**Input**.
☆ ☆ ☆

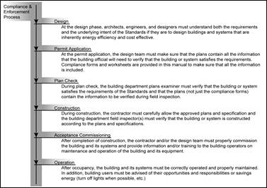 The process of complying with and enforcing the Energy Standards involves many parties. Those involved may include the architect or building designer, building developers, purchasing agent, general contractor, subcontractors/installers, energy consultant, plans examiners, inspectors, realtors, the building owner, and third party inspectors (HERS raters). Communication between these parties is essential for the compliance/enforcement process to run efficiently.
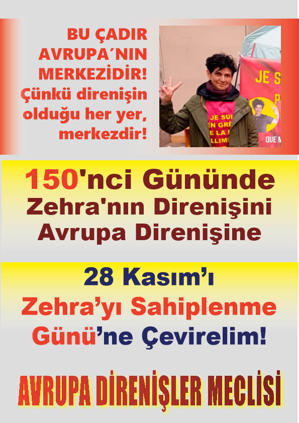 28 Kasım’da Zehra’nın Direniş Çadırı, AVRUPA’NIN MERKEZİ’dir. Çünkü nerde bir direniş varsa, orası dünyanın, Avrupa’nın merkezidir.
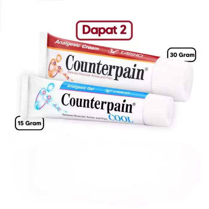 Counterpain Cool 15 gr : Mengandung Methyl salicylate, menthol, eugenol yang merupakan gel sejuk dan tidak lengket yang digunakan untuk meredakan nyeri otot dan nyeri sendi.
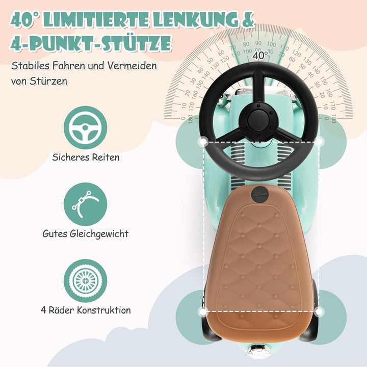 • 🏁40° Begrenzte Lenkung & 4-Punkt-Stütze - Dieses Rutschfahrzeug verfügt über eine 40° begrenzte Lenkung, die hilft, stabil zu fahren und ein Herunterfallen zu vermeiden. Ausserdem sorgt die 4-Rad-Konstruktion für gutes Gleichgewicht und sicheres
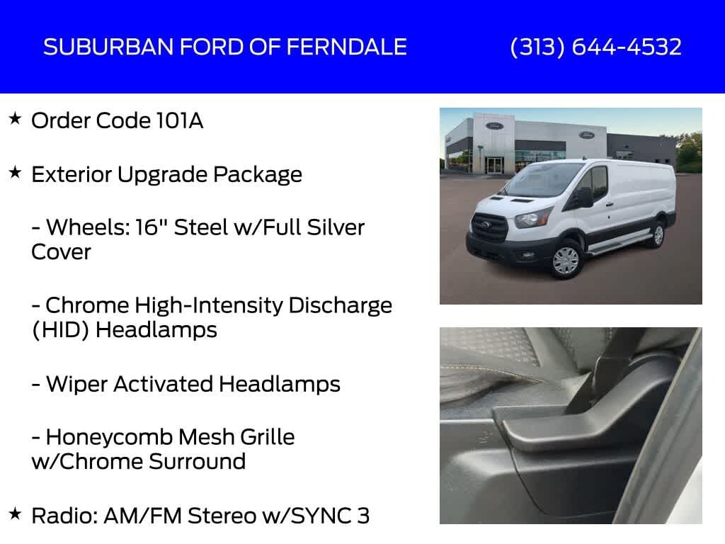 Oxford White 2023 Ford Transit-250 RWD 10-Speed Automatic with Overdrive 3.5L V6 Flex Fuel Chrome High-Intensity Discharge (HID) Headlamps, Cruise Control w/Adjustable Spd Limiting Device (ASLD), Exterior Parking Camera Rear, Exterior Upgrade Package, Fully Automatic Headlights, Honeycomb Mesh Grille w/Chrome Surround, Order Code 101A, Radio: AM/FM Stereo w/SYNC 3, Steering Wheel Mounted Audio Controls, Wheels: 16 Steel w/Full Silver Cover, Wiper Activated Headlamps.

☆ ☆ ☆

**Assignment**. Repeat the records above exactly. Pictures do not belong in the copy.

**Answer area**.
 The process of complying with and enforcing the Energy Standards involves many parties. Those involved may include the architect or building designer, building developers, purchasing agent, general contractor, subcontractors/installers, energy consultant, plans examiners, inspectors, realtors, the building owner, and third party inspectors (HERS raters). Communication between these parties is essential for the compliance/enforcement process to run efficiently.
 28 Kasım’da Zehra’nın Direniş Çadırı, AVRUPA’NIN MERKEZİ’dir. Çünkü nerde bir direniş varsa, orası dünyanın, Avrupa’nın merkezidir.
 Counterpain Cool 15 gr : Mengandung Methyl salicylate, menthol, eugenol yang merupakan gel sejuk dan tidak lengket yang digunakan untuk meredakan nyeri otot dan nyeri sendi.
 • 🏁40° Begrenzte Lenkung & 4-Punkt-Stütze - Dieses Rutschfahrzeug verfügt über eine 40° begrenzte Lenkung, die hilft, stabil zu fahren und ein Herunterfallen zu vermeiden. Ausserdem sorgt die 4-Rad-Konstruktion für gutes Gleichgewicht und sicheres
 Oxford White 2023 Ford Transit-250 RWD 10-Speed Automatic with Overdrive 3.5L V6 Flex Fuel Chrome High-Intensity Discharge (HID) Headlamps, Cruise Control w/Adjustable Spd Limiting Device (ASLD), Exterior Parking Camera Rear, Exterior Upgrade Package, Fully Automatic Headlights, Honeycomb Mesh Grille w/Chrome Surround, Order Code 101A, Radio: AM/FM Stereo w/SYNC 3, Steering Wheel Mounted Audio Controls, Wheels: 16 Steel w/Full Silver Cover, Wiper Activated Headlamps.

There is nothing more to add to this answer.